What kind of error do you get?

Here is a sample code, which should work fine:

numDataPoints = 1000
data_dim = 5
bs = 100

# Create dummy data with class imbalance 9 to 1
data = torch.FloatTensor(numDataPoints, data_dim)
target = np.hstack((np.zeros(int(numDataPoints * 0.9), dtype=np.int32),
                    np.ones(int(numDataPoints * 0.1), dtype=np.int32)))

print 'target train 0/1: {}/{}'.format(
    len(np.where(target == 0)[0]), len(np.where(target == 1)[0]))

class_sample_count = np.array(
    [len(np.where(target == t)[0]) for t in np.unique(target)])
weight = 1. / class_sample_count
samples_weight = np.array([weight[t] for t in target])

samples_weight = torch.from_numpy(samples_weight)
samples_weigth = samples_weight.double()
sampler = WeightedRandomSampler(samples_weight, len(samples_weight))

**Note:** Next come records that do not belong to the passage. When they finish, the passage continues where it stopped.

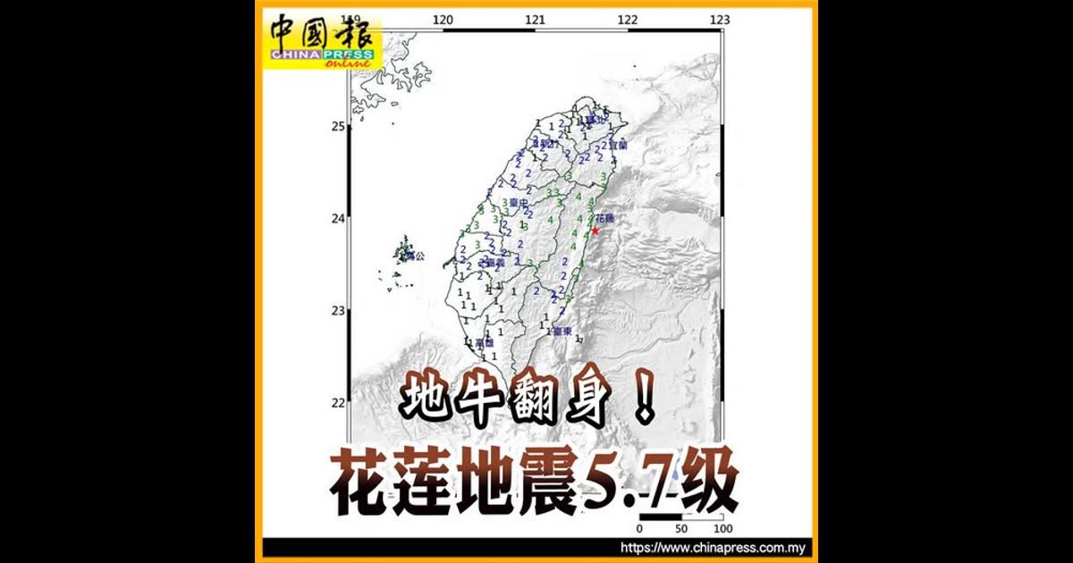 (台北8日综合电)根据台湾中央气象署详细地震报告,周一下午7时24分发生有感地震,震央位于花莲县近海,地震深度24.5公里,初判5.7级。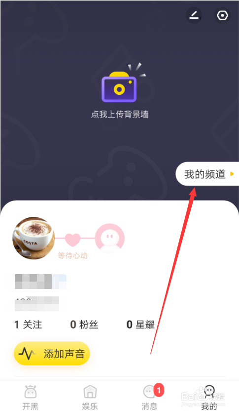 在手机上打开YY手游语音APP后,在我的界面点击“我的频道”。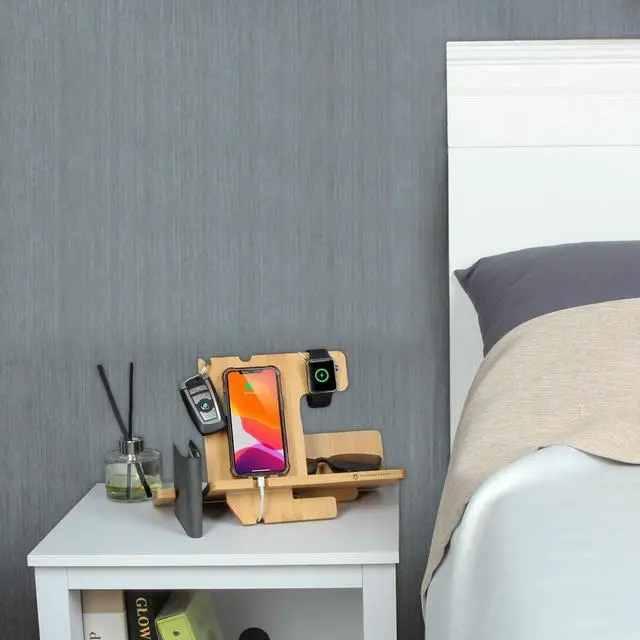 PERFECT WAY TO ORGANIZE YOUR APPLE IPHONE AND WATCH It has a hole for the iphone charger and a nice space for the watch charger.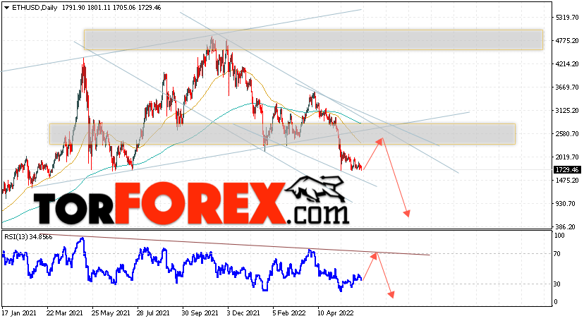 Дополнительным сигналом в пользу падения котировок ETH/USD на текущей торговой неделе 13 — 17 июня 2022 выступит тест сопротивления тренда на индикаторе относительной силы. Вторым сигналом станет отскок от верхней границы медвежьего канала. Отменой варианта падения стоимости криптовалюты на текущей торговой неделе станет сильный рост и пробой уровня 2855. Это укажет на пробой области сопротивления и продолжение подъёма котировок ETH/USD с потенциальной целью выше уровня 3505. Подтверждением падению криптовалюты Ethereum выступит пробой области поддержки и закрытие котировок ниже уровня 1355.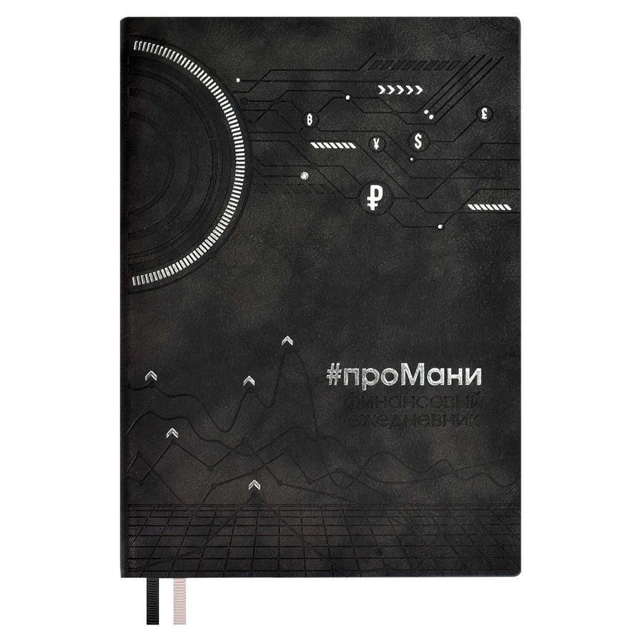 Ежедневник недатированный ESCALADA, #проМани, А5, 160 л., арт. 64002/ 15 ТИВОЛИ ЧЁРНЫЙ (кожзам: 146x211 мм, мягкий переплёт, запаянный край, материал обложки: искусственная кожа "Тиволи"; способ крепления блока: ниткошвейный; декор: тиснение фольгой, блинтовое тиснение; вн. блок: 160 л., кремовый офсет 70 г/м², печать в одну краску (линия), справочный материал: есть; перфорация углов блока: нет; закладка/-и: два ляссе, каптал: есть; форзац: печать пантоном, особенности: в блоке использованы авторские разработки на тему финансовой грамотности и ведения личного бюджета от Анастасии Грейджук – финансового блогера, эксперта и коуча; персонализация возможна: нет; индивидуальная упаковка: промостикер + ПЭТ-пакет)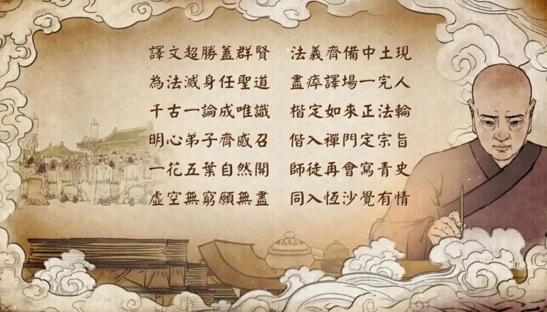 玄奘大师共译出佛教经论47部,1335卷,每卷万字左右,合计1335万字,占去整个唐代译经总数的一半以上,相当于中国历史上另外三大翻译家(鸠摩罗什大师、真谛大师、不空大师)译经总数的一倍多。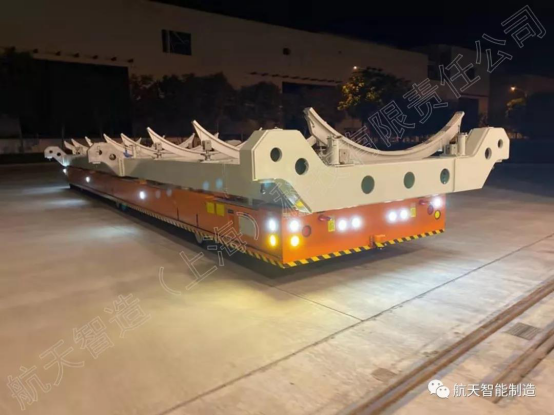 航天智造(上海)科技有限責任公司提供的純電動重載全機運輸車,可承重18噸,全長15米,是公司在智能移動平臺領(lǐng)域的長度之最,標志著公司在差速輪式車項目上的再次突破。整車六組驅(qū)動運行平穩(wěn)、升降功能數(shù)值正常、各功能模塊指標穩(wěn)定、現(xiàn)場負載測試無異常,最終驗證整車滿足技術(shù)要求。此次重載全機運輸車加入視覺自動導引技術(shù),導航精度小于5毫米,精確定位精度小于5毫米,具備超靜音使用,超精度使用,高智能使用等優(yōu)點。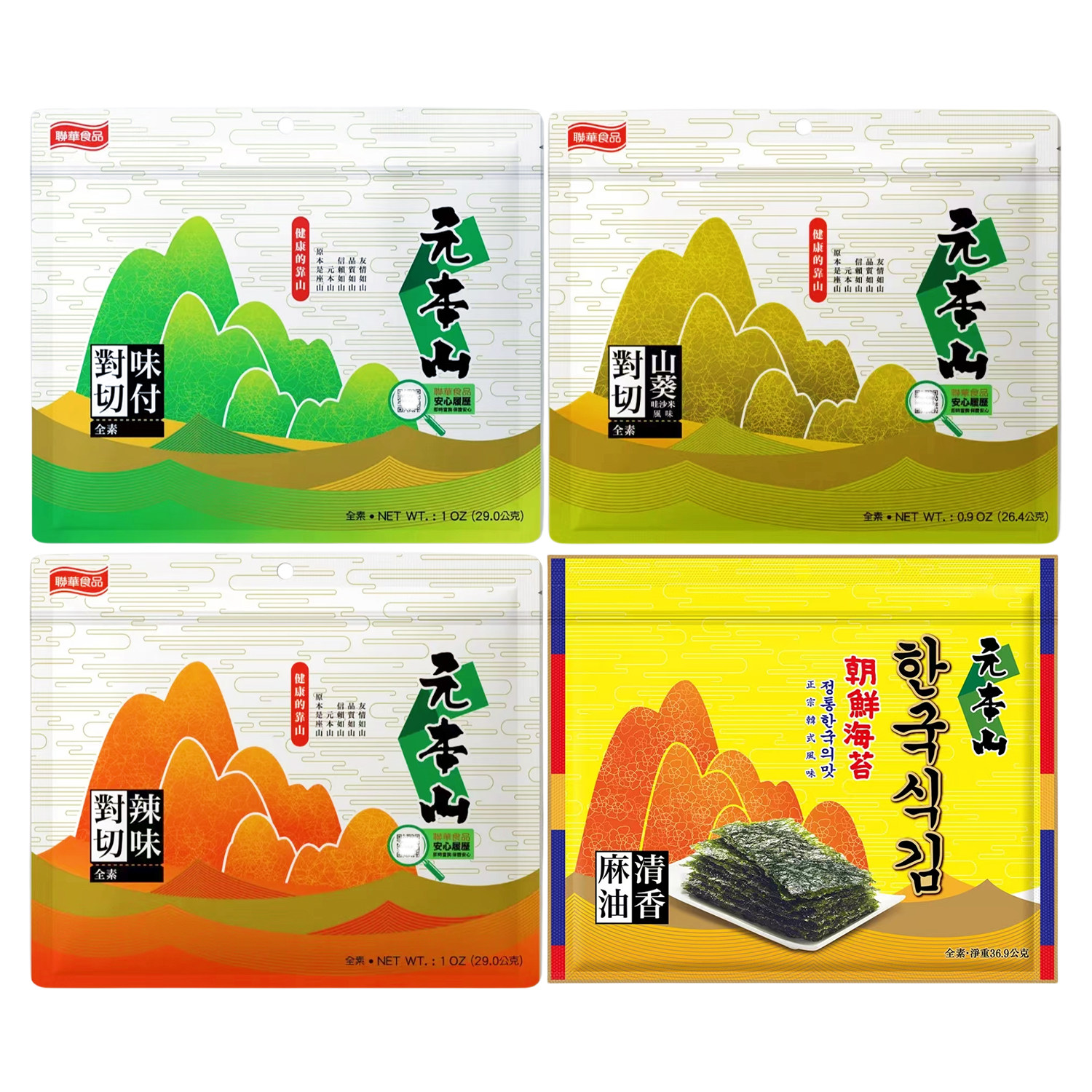 📚 四袋包邮台湾原装联华元本山海苔味付对切朝鲜海苔山葵辣味对切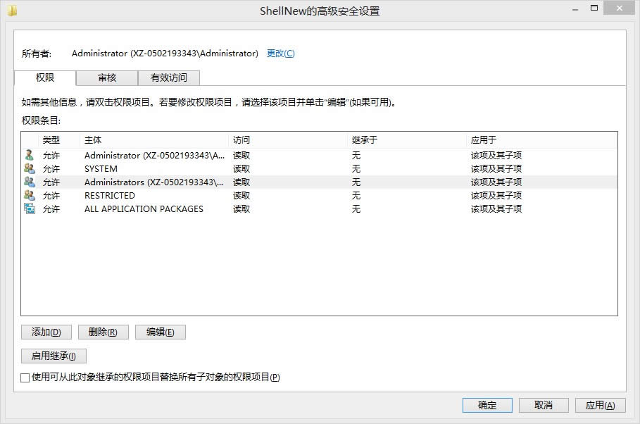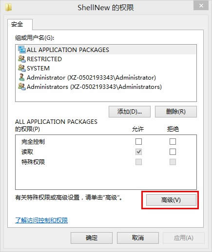 5.在ShellNew的高級(jí)安全設(shè)置中一共有5個(gè)選項(xiàng),這里需要更改前三個(gè)選項(xiàng)。這里以第一個(gè)為例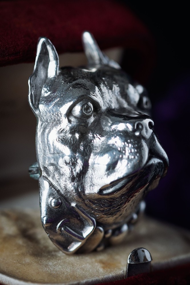 Is it a Boston? Is it a Frenchie? Is it a pitbull or possibly a mutt? While we believe this brooch was most likely modeled after a Staffordshire terrier, we really just think it's a sweet little pup! This highly expressive, 3-dimensional pin is crafted in sterling silver with loads of details that bring this piece to life! A true dog owner's delight! Date: 1890s-1900s Materials: Sterling silver Measurements: 1.5" x 1" Markings: Sterling Condition: Very Good. This piece was completely black with tarnish when we found it. We have cleaned, scrubbed and polished it to the best of our ability. There is still a small bit of verdigris on the hinge of the clasp. It has been improved upon more since this photo was taken. The pin back is slightly bent from years of wear. Cleaning and Care: Clean gently with warm soap and water and a soft bristled brush. Dry thoroughly. Polish with a silver cloth if needed.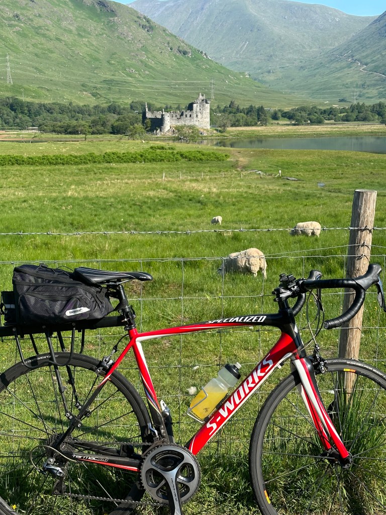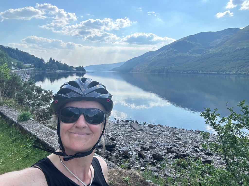 The descent and run down to Loch Awe was beautiful, the day was calm and hot and the loch looked shiny! Our first wee water stop was at Kilchurn Castle after 15 miles.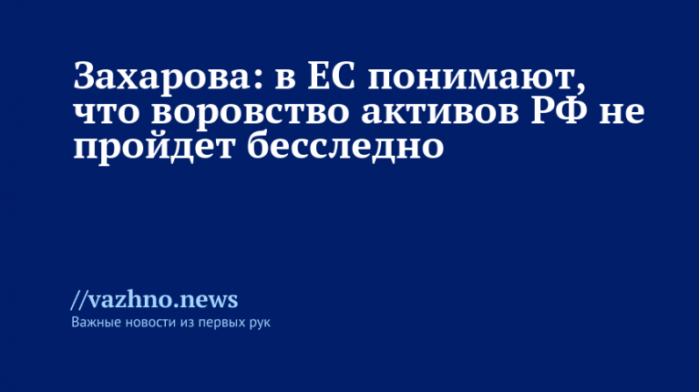 Захарова: в ЕС считают, что конфискация активов РФ не пройдет бесследно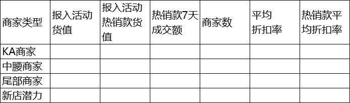 5.类目商家线:对活动进行商家招商及商家商品盘货,制定商家大促目标,活动商品结构把控,跟进活动素材收集,指导培训商家了解活动;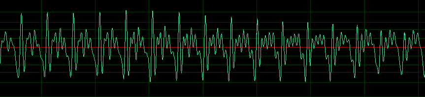 时域图中,语音信号直接用它的时间波形表示出来,上图1是用Adobe Audition打开的音频的时域图,表示这段语音波形时量化精度是16bit,从图中可以得到各个音的起始位置,但很难看出更加有用的信息。但如果我们将其放大到100ms的场景下,可以得到下图2所示的图像。

target = torch.from_numpy(target).long()
train_dataset = torch.utils.data.TensorDataset(data, target)

train_loader = DataLoader(
    train_dataset, batch_size=bs, num_workers=1, sampler=sampler)

for i, (data, target) in enumerate(train_loader):
    print "batch index {}, 0/1: {}/{}".format(
        i,
        len(np.where(target.numpy() == 0)[0]),
        len(np.where(target.numpy() == 1)[0]))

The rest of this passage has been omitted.